Data records —
***

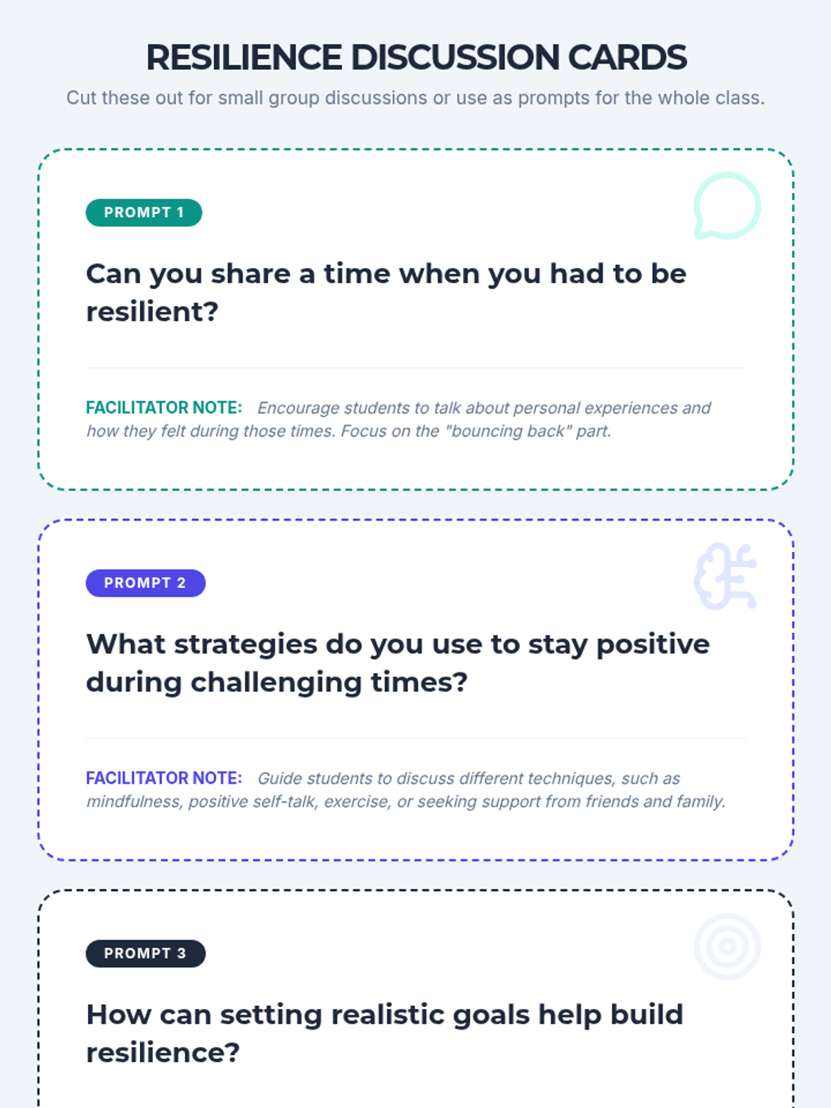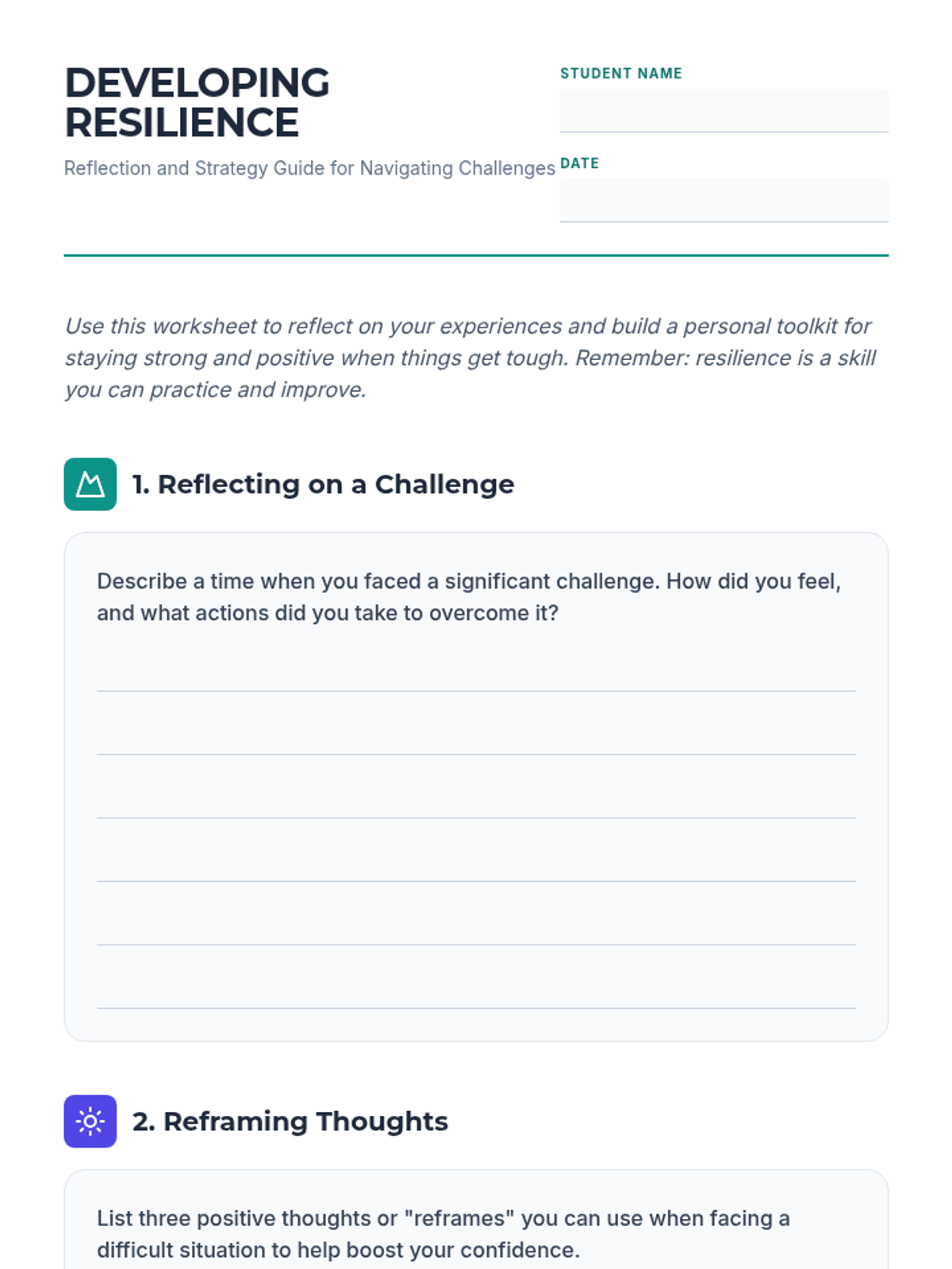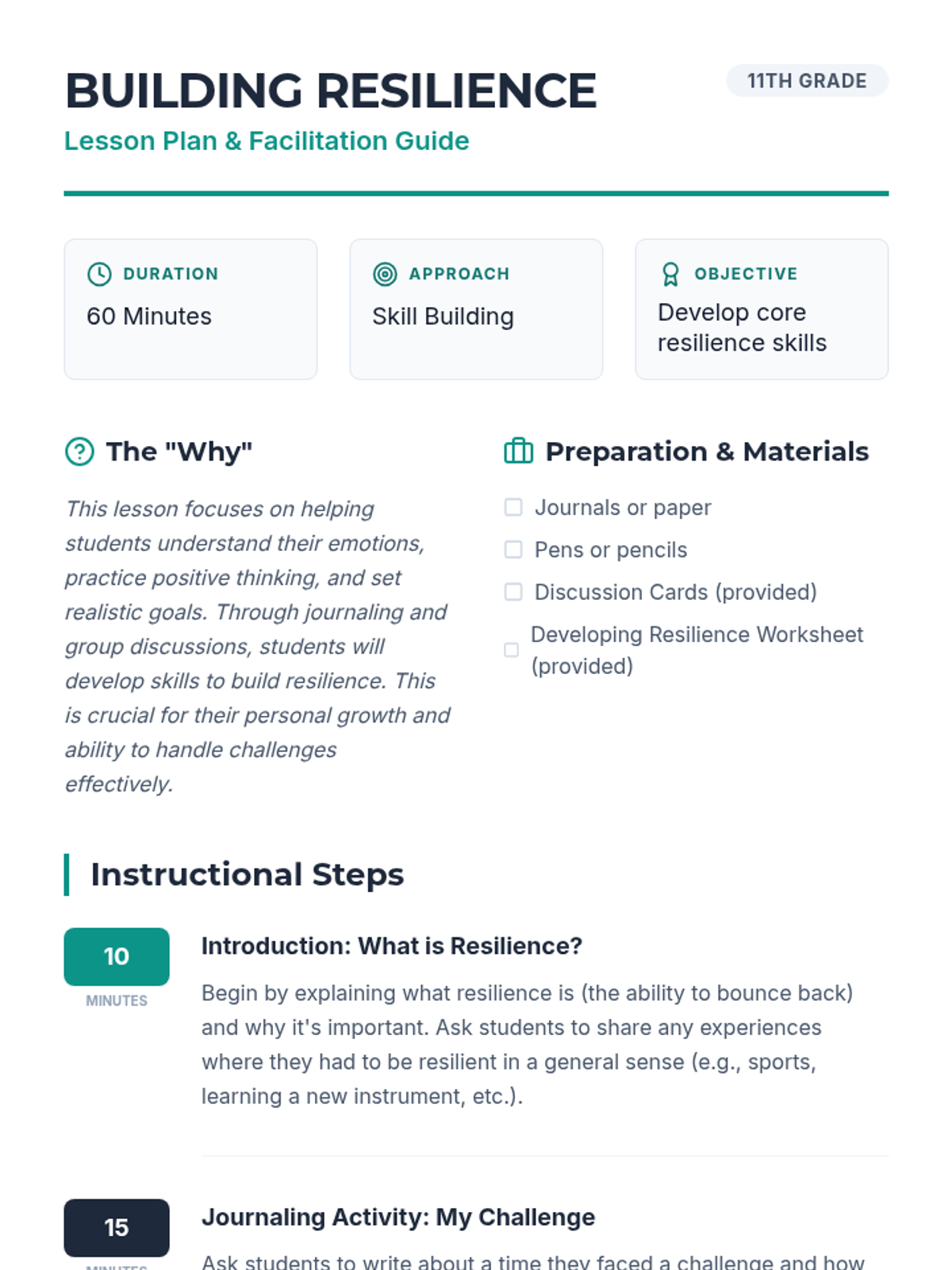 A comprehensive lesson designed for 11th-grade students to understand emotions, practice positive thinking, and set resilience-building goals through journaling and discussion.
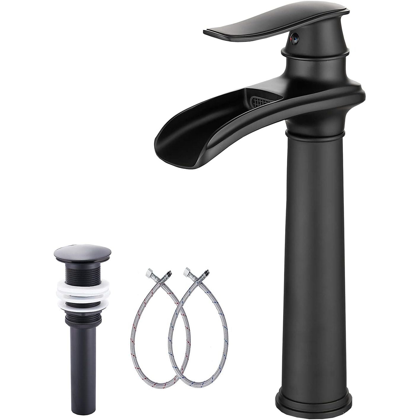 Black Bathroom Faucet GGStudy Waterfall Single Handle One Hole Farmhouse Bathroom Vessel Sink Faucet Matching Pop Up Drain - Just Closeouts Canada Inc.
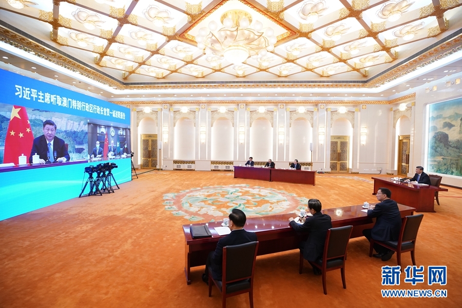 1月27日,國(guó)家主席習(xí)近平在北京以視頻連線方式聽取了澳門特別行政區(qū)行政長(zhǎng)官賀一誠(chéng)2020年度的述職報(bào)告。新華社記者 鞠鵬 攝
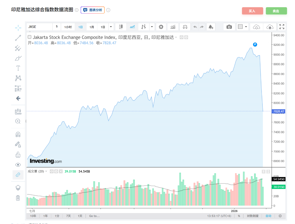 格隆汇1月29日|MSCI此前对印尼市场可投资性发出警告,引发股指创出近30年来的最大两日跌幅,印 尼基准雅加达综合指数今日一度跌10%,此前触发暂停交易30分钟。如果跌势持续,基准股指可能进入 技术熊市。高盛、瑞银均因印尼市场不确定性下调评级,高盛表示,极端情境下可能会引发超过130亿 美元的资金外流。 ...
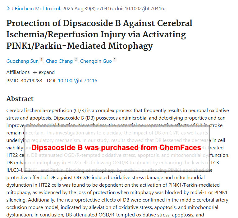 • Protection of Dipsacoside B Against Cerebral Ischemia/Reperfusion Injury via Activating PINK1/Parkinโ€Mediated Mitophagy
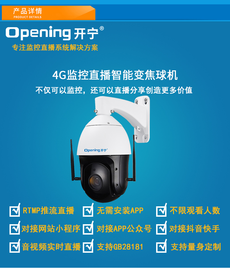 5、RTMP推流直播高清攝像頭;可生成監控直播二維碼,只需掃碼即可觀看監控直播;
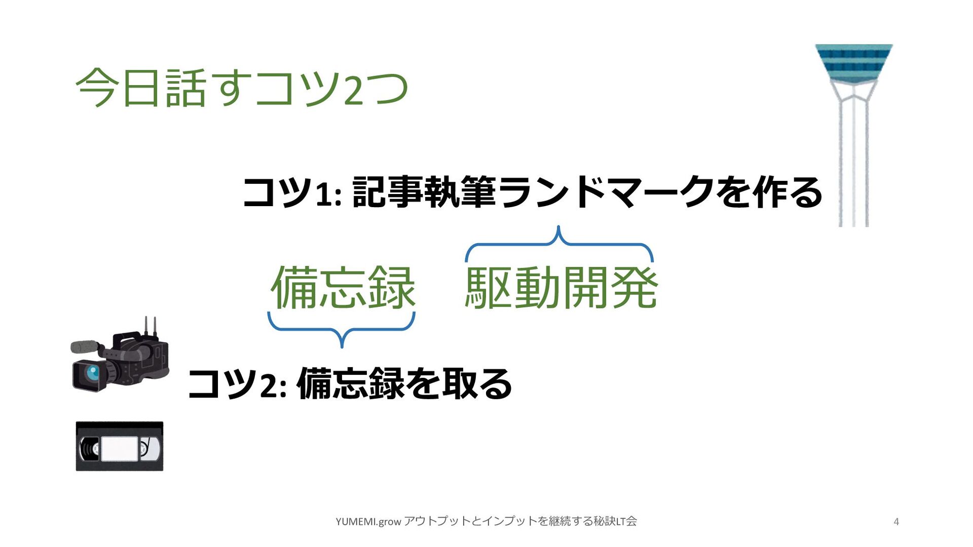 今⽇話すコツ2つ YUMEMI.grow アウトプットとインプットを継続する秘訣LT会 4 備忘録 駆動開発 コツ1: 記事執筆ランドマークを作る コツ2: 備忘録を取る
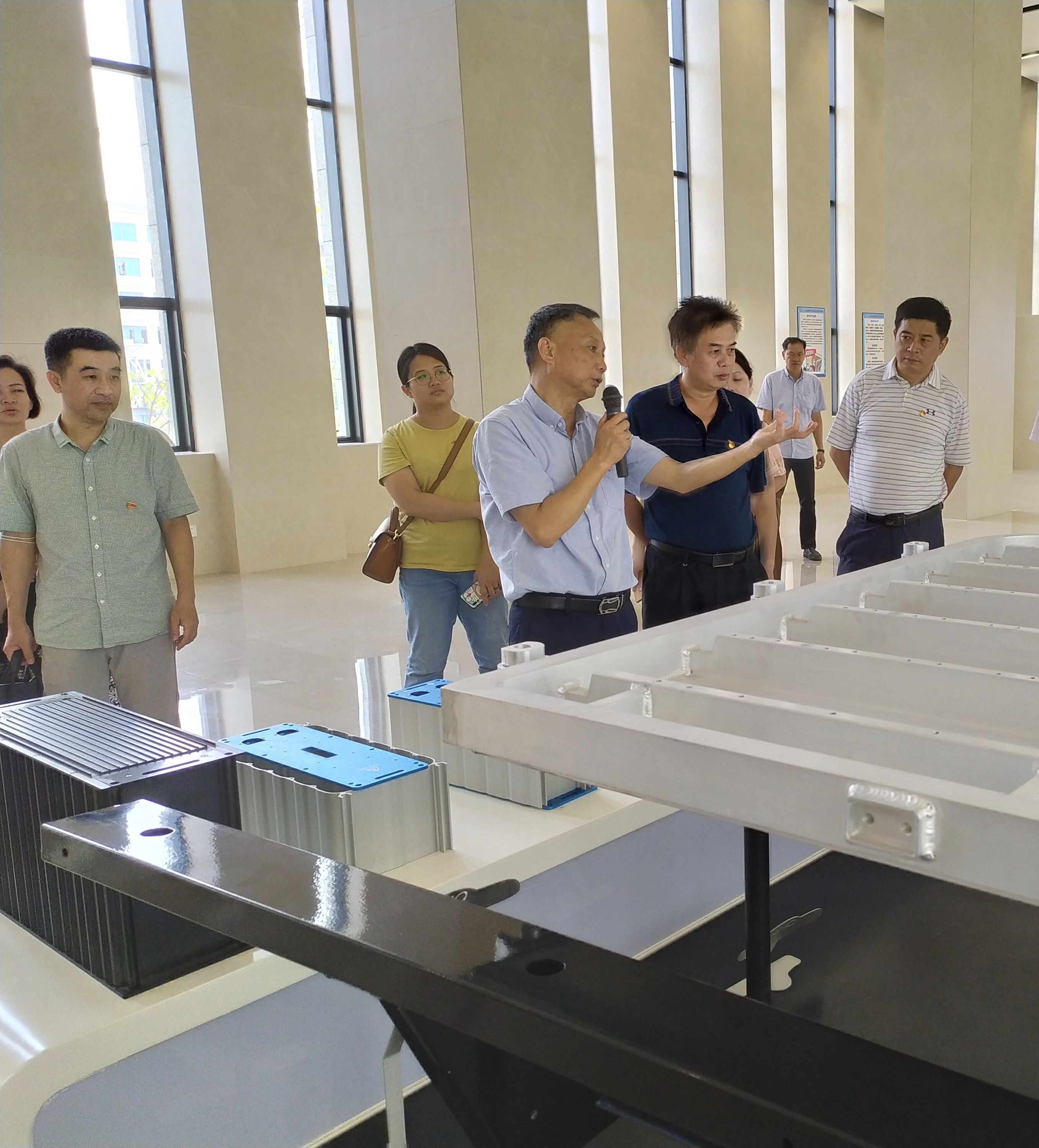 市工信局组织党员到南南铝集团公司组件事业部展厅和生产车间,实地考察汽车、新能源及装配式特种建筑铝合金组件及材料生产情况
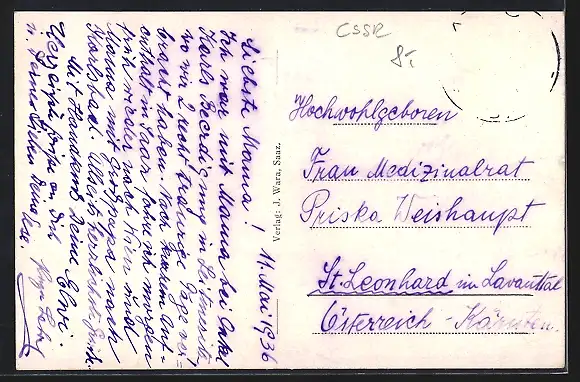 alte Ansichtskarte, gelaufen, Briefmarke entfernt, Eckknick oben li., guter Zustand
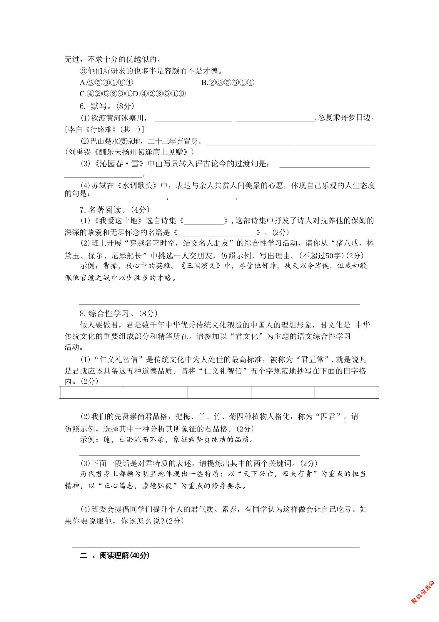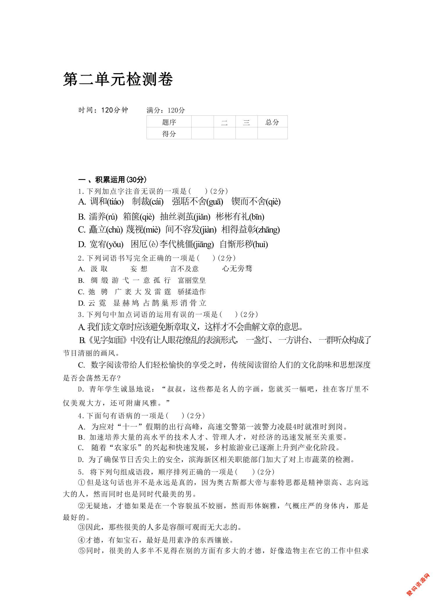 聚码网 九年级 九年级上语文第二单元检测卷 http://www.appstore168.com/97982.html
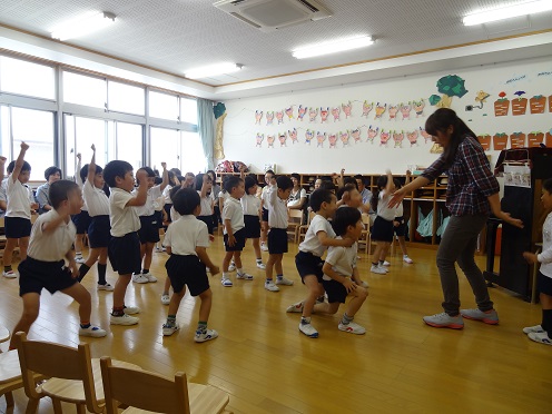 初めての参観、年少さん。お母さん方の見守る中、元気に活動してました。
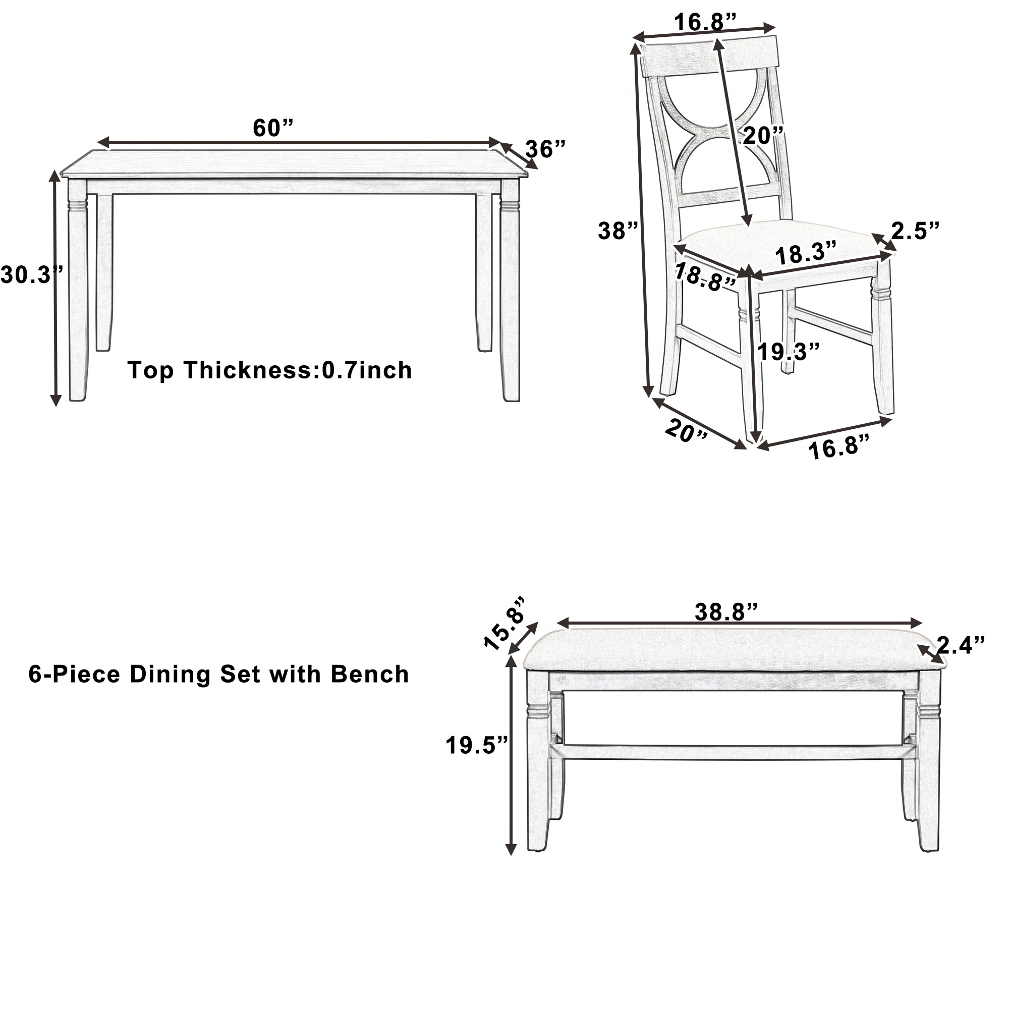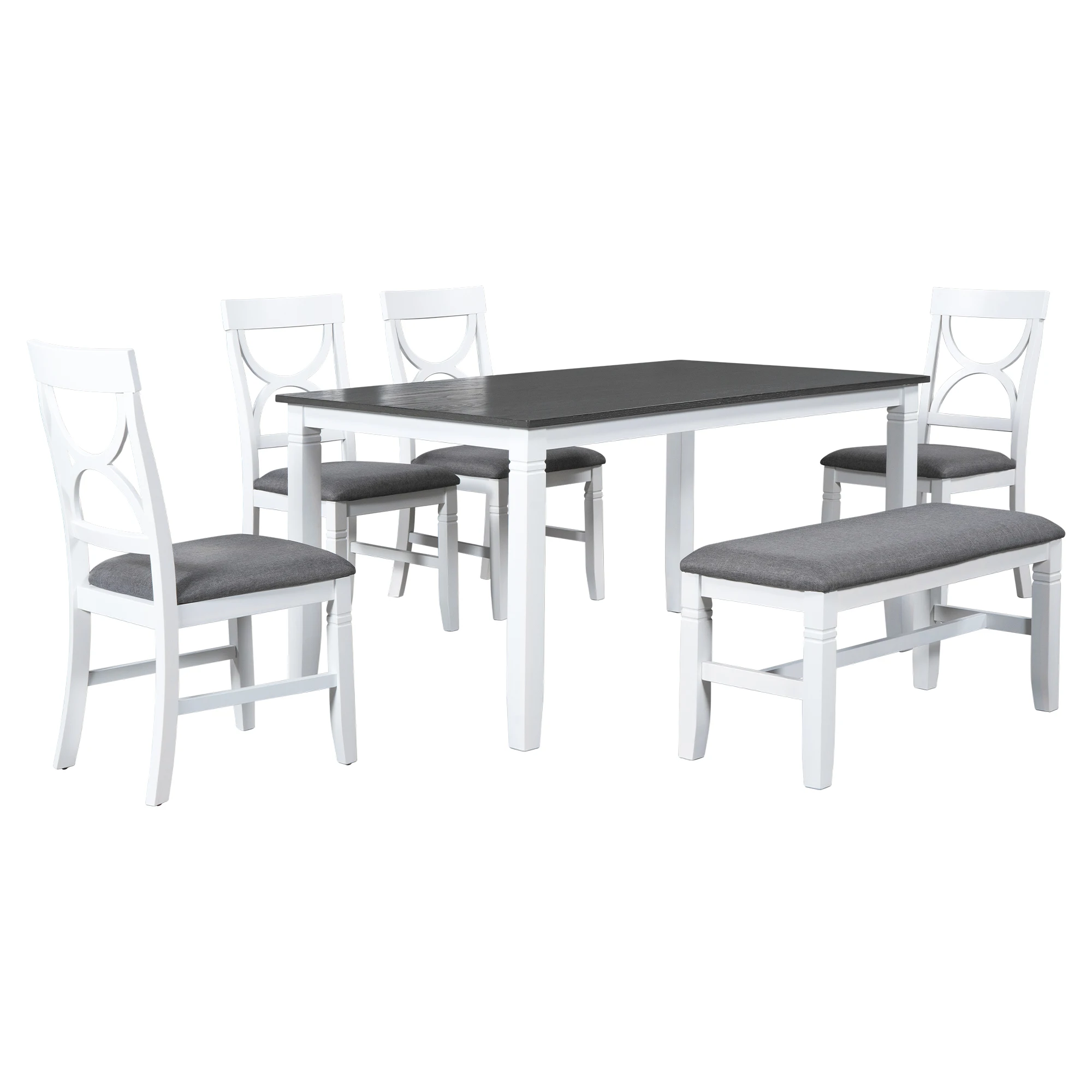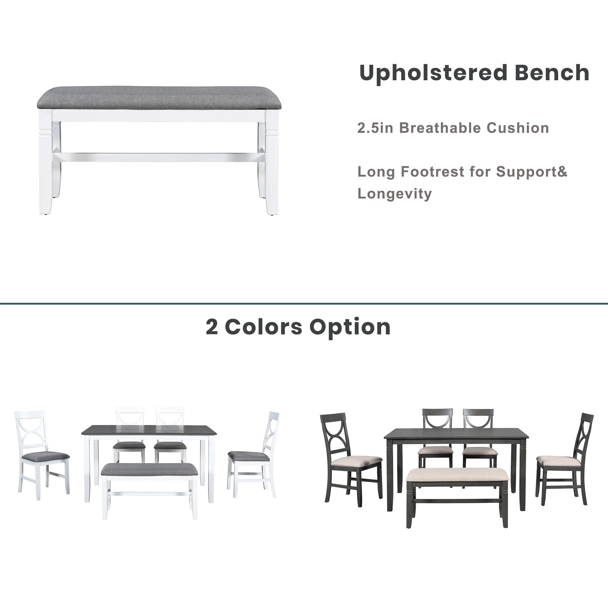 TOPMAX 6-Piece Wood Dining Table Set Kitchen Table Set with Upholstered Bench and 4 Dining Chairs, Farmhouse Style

***

All records above are to be printed exactly, minus the pictures they contain.

Output for this task —
 A comprehensive lesson designed for 11th-grade students to understand emotions, practice positive thinking, and set resilience-building goals through journaling and discussion.
 Black Bathroom Faucet GGStudy Waterfall Single Handle One Hole Farmhouse Bathroom Vessel Sink Faucet Matching Pop Up Drain - Just Closeouts Canada Inc.
 1月27日,國(guó)家主席習(xí)近平在北京以視頻連線方式聽取了澳門特別行政區(qū)行政長(zhǎng)官賀一誠(chéng)2020年度的述職報(bào)告。新華社記者 鞠鵬 攝
 格隆汇1月29日|MSCI此前对印尼市场可投资性发出警告,引发股指创出近30年来的最大两日跌幅,印 尼基准雅加达综合指数今日一度跌10%,此前触发暂停交易30分钟。如果跌势持续,基准股指可能进入 技术熊市。高盛、瑞银均因印尼市场不确定性下调评级,高盛表示,极端情境下可能会引发超过130亿 美元的资金外流。 ...
 • Protection of Dipsacoside B Against Cerebral Ischemia/Reperfusion Injury via Activating PINK1/Parkinโ€Mediated Mitophagy
 5、RTMP推流直播高清攝像頭;可生成監控直播二維碼,只需掃碼即可觀看監控直播;
 今⽇話すコツ2つ YUMEMI.grow アウトプットとインプットを継続する秘訣LT会 4 備忘録 駆動開発 コツ1: 記事執筆ランドマークを作る コツ2: 備忘録を取る
 市工信局组织党员到南南铝集团公司组件事业部展厅和生产车间,实地考察汽车、新能源及装配式特种建筑铝合金组件及材料生产情况
 alte Ansichtskarte, gelaufen, Briefmarke entfernt, Eckknick oben li., guter Zustand
 聚码网 九年级 九年级上语文第二单元检测卷 http://www.appstore168.com/97982.html
 初めての参観、年少さん。お母さん方の見守る中、元気に活動してました。
 TOPMAX 6-Piece Wood Dining Table Set Kitchen Table Set with Upholstered Bench and 4 Dining Chairs, Farmhouse Style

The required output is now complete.